Sheikh Kabir Hossain () is a Bangladeshi businessmen and a member of the Sheikh–Wazed family. He is the President of Bangladesh Insurance Association. He is the President of Association of Private Universities of Bangladesh.

Early life 
Hossain was born on 3 February 1942, in Gopalganj District, East Bengal, British India. His father was Sheikh Mosharraf Hossain and his mother was Rahela Khatun. He completed his Masters from the University of Dhaka. His cousin was Sheikh Mujibur Rahman.

Career 
Hossain worked at the Bangladesh Parjatan Corporation, Bureau of Statistics, and Sonali Bank. He resigned from government job after assassination of Sheikh Mujibur Rahman in 1975.

Hossain is the chairperson of Sonar Bangla Insurance Limited, Khan Shaheb Sheikh Mosharraf Hossain Foundation, Central Depository Bangladesh Limited. He is the founding chairperson of Holy Family Red Crescent Medical College Hospital. He is also the founding chairperson of Khan Shaheb Sheikh Mosharraf Hossain School and College in Tungipara, Gopalganj.   He is the chairperson of National Tea Company Limited.
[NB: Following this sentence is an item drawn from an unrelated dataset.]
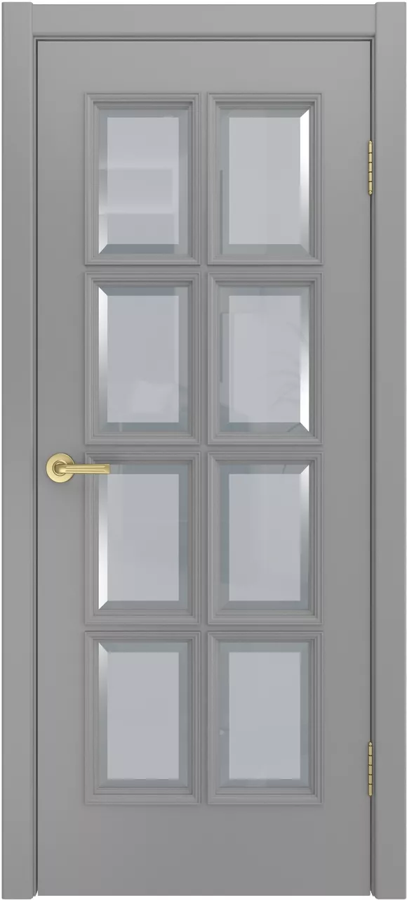 Дверь Палермо ДО имеет каркасно-щитовую конструкцию с фрезерованной поверхностью полотна, имитирующей филенки, и накладным багетом. Модель покрыта эмалью и остеклена на выбор сатинатом или прозрачным стеклом с фацетом или имитацией фацета.

In July 2005, he was elected director of The International Association of Lions Clubs in Hong Kong for a two-year term.

On 16 September 2008, Hossain chaired a meeting of Tungipara Association which demanded that the caretaker government release of former Prime Minister of Bangladesh Sheikh Hasina from prison.

On 15 December 2010, Hossain was elected chairman of Bangladesh Insurance Association. He is a director of Channel 24 and launched its test transmission in August 2011.

Hossain is the President of Bangladesh Insurance Association, a trade association of insurance companies in Bangladesh. He asked Bangladesh Nationalist Party to not hold strikes due to their detrimental effect on the economy. He is the chairperson of Fareast International University and non-profit H.E.L.P. (Health and Education for the Local underprivileged People). He is the Managing Director of Kabico Limited. He is also the Managing Director of Masuda Dairy Nutrition Limited. In 2013, he was part of a panel formed by Dhaka Stock Exchange to investigate problems at the stock market.

Hossain is the Chairperson of Association of Private Universities of Bangladesh, a trade association of private universities in Bangladesh. He was reelected President of the Association in 2017. He is the former chairperson of Bangladesh Red Crescent Society. He is a former Director of the Dhaka Stock Exchange. He is a Trustee Board member of Bangabandhu Academy for Poverty Alleviation and Rural Development.

Hossain was re-elected chairperson of National Tea Company Limited.

In April 2021, Hossain was re-elected President of Bangladesh Insurance Association. He has been serving as president of association since 2011.

Hossain has described the imposition of 15 percent income tax on private universities by the Government of Bangladesh as "unacceptable" in July 2021. He also sought the intervention of Prime Minister Sheikh Hasina to repeal the law. He is a member of the Board of Governors of Bangladesh Open University.

Personal life 
Hossain is married to Masuda Kabir and together they have three children.